Everything from the line with "the circumference |" to the line with "새하얗고 탐스러운 레이스" in the listing below, both lines included, needs to be copied exactly, apart from the pictures.

Dataset records:
____

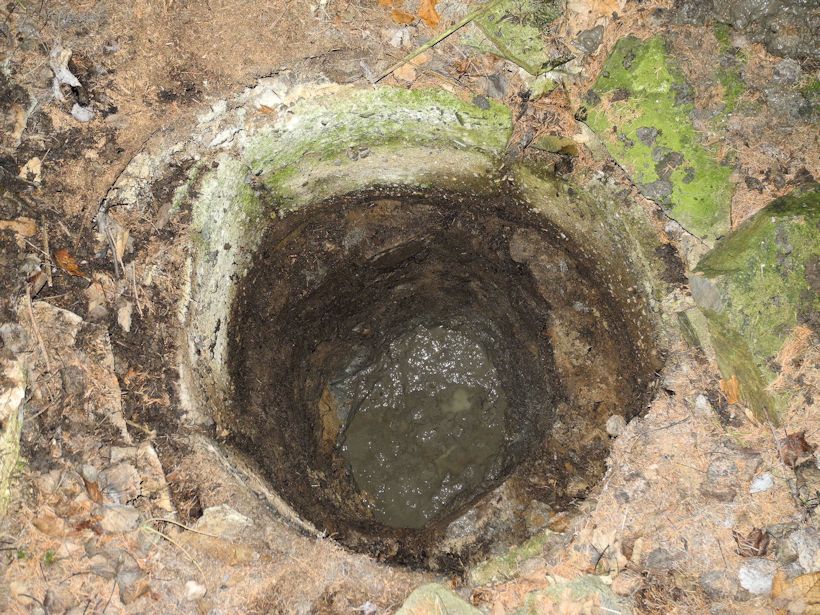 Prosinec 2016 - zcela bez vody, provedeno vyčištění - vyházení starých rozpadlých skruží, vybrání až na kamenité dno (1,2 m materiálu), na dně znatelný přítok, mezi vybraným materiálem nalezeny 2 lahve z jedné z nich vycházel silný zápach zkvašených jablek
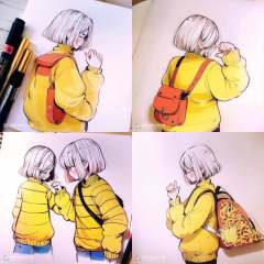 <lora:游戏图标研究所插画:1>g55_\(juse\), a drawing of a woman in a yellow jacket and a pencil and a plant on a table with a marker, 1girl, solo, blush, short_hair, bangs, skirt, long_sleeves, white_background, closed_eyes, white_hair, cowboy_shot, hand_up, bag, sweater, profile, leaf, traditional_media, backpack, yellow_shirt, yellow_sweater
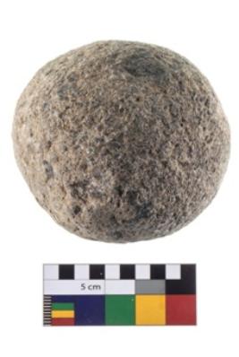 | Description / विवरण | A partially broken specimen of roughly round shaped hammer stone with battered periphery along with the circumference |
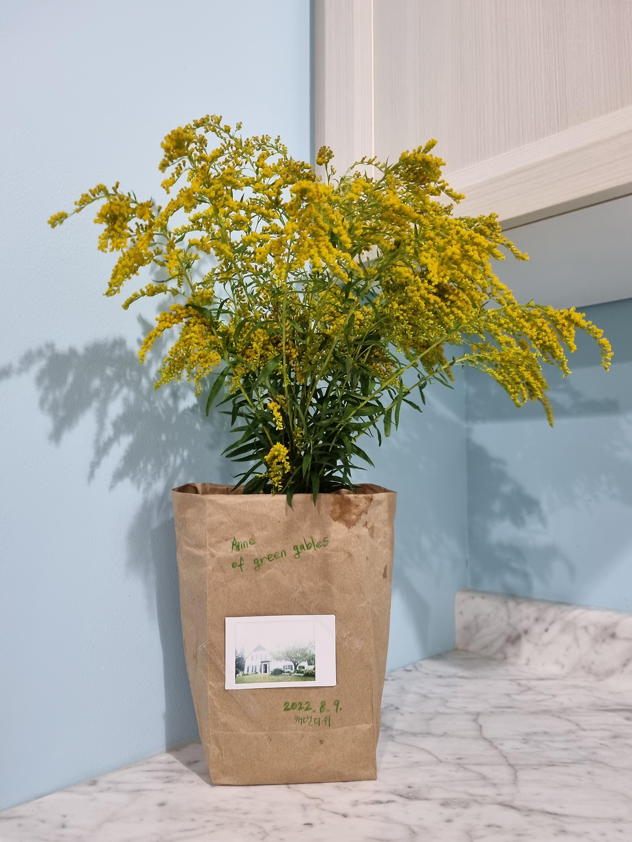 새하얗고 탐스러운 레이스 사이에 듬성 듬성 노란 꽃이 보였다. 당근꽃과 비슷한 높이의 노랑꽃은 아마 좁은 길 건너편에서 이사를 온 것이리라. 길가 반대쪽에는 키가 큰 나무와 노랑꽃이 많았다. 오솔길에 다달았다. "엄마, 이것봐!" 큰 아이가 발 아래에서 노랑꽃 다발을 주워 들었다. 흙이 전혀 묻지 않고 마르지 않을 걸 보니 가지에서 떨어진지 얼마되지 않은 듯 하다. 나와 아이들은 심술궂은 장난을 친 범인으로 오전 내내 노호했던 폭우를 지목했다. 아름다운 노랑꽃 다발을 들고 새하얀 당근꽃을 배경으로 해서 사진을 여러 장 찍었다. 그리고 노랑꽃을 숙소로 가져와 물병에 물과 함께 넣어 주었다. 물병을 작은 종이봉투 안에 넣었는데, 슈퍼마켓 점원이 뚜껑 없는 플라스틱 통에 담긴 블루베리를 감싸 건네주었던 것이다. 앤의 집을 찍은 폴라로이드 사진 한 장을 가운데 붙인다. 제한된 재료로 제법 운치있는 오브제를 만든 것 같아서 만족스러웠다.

____

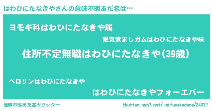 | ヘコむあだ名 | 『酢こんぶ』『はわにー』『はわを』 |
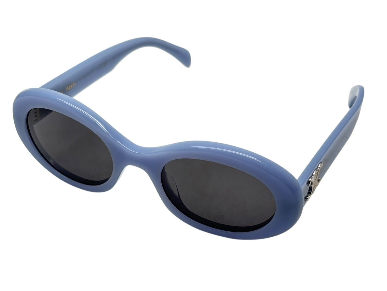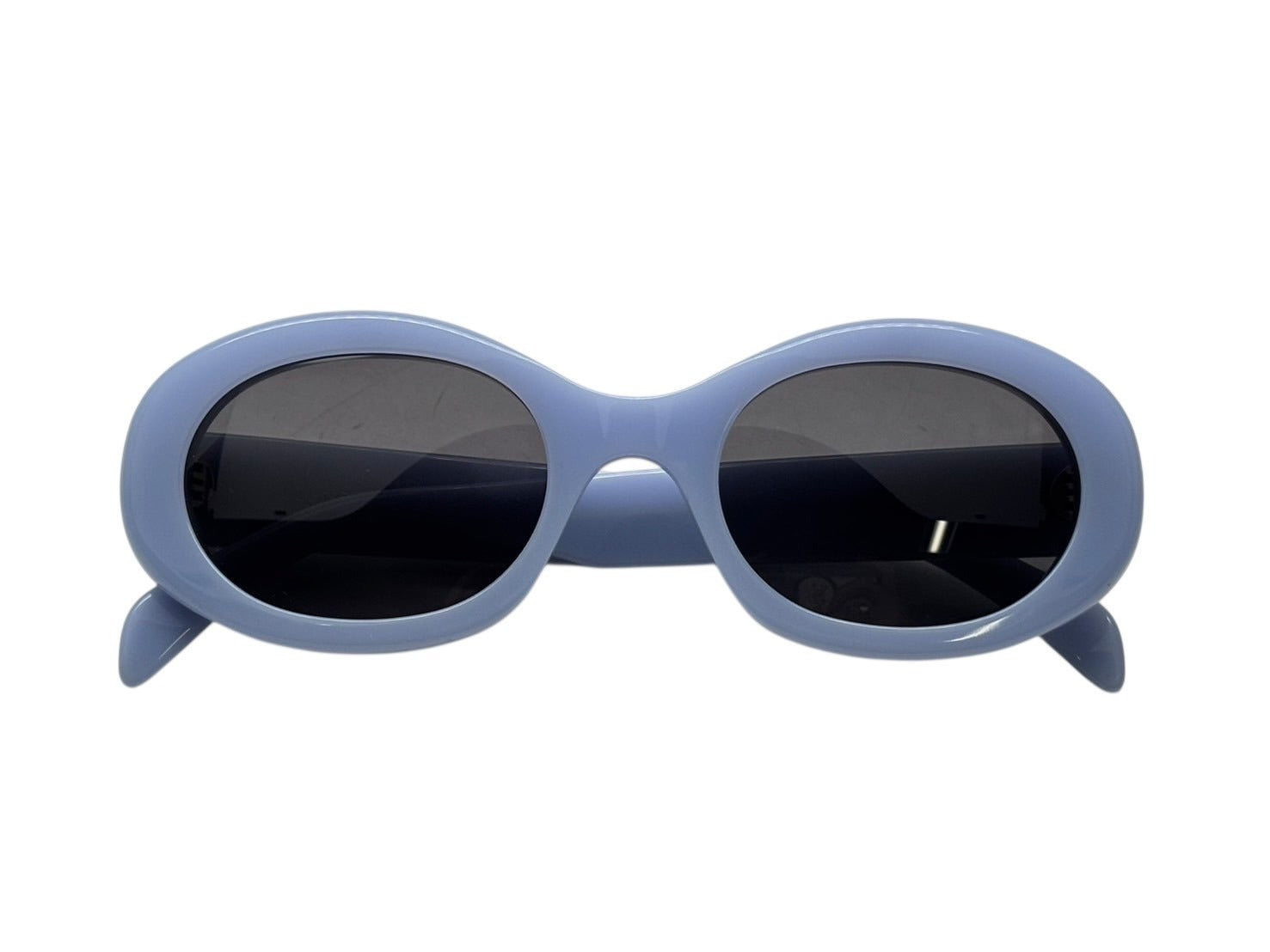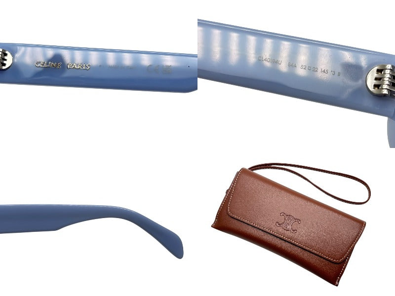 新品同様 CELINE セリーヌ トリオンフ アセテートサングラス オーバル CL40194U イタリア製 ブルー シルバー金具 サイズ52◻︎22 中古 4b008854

____

Result for this exercise:
 | Description / विवरण | A partially broken specimen of roughly round shaped hammer stone with battered periphery along with the circumference |
 새하얗고 탐스러운 레이스 사이에 듬성 듬성 노란 꽃이 보였다. 당근꽃과 비슷한 높이의 노랑꽃은 아마 좁은 길 건너편에서 이사를 온 것이리라. 길가 반대쪽에는 키가 큰 나무와 노랑꽃이 많았다. 오솔길에 다달았다. "엄마, 이것봐!" 큰 아이가 발 아래에서 노랑꽃 다발을 주워 들었다. 흙이 전혀 묻지 않고 마르지 않을 걸 보니 가지에서 떨어진지 얼마되지 않은 듯 하다. 나와 아이들은 심술궂은 장난을 친 범인으로 오전 내내 노호했던 폭우를 지목했다. 아름다운 노랑꽃 다발을 들고 새하얀 당근꽃을 배경으로 해서 사진을 여러 장 찍었다. 그리고 노랑꽃을 숙소로 가져와 물병에 물과 함께 넣어 주었다. 물병을 작은 종이봉투 안에 넣었는데, 슈퍼마켓 점원이 뚜껑 없는 플라스틱 통에 담긴 블루베리를 감싸 건네주었던 것이다. 앤의 집을 찍은 폴라로이드 사진 한 장을 가운데 붙인다. 제한된 재료로 제법 운치있는 오브제를 만든 것 같아서 만족스러웠다.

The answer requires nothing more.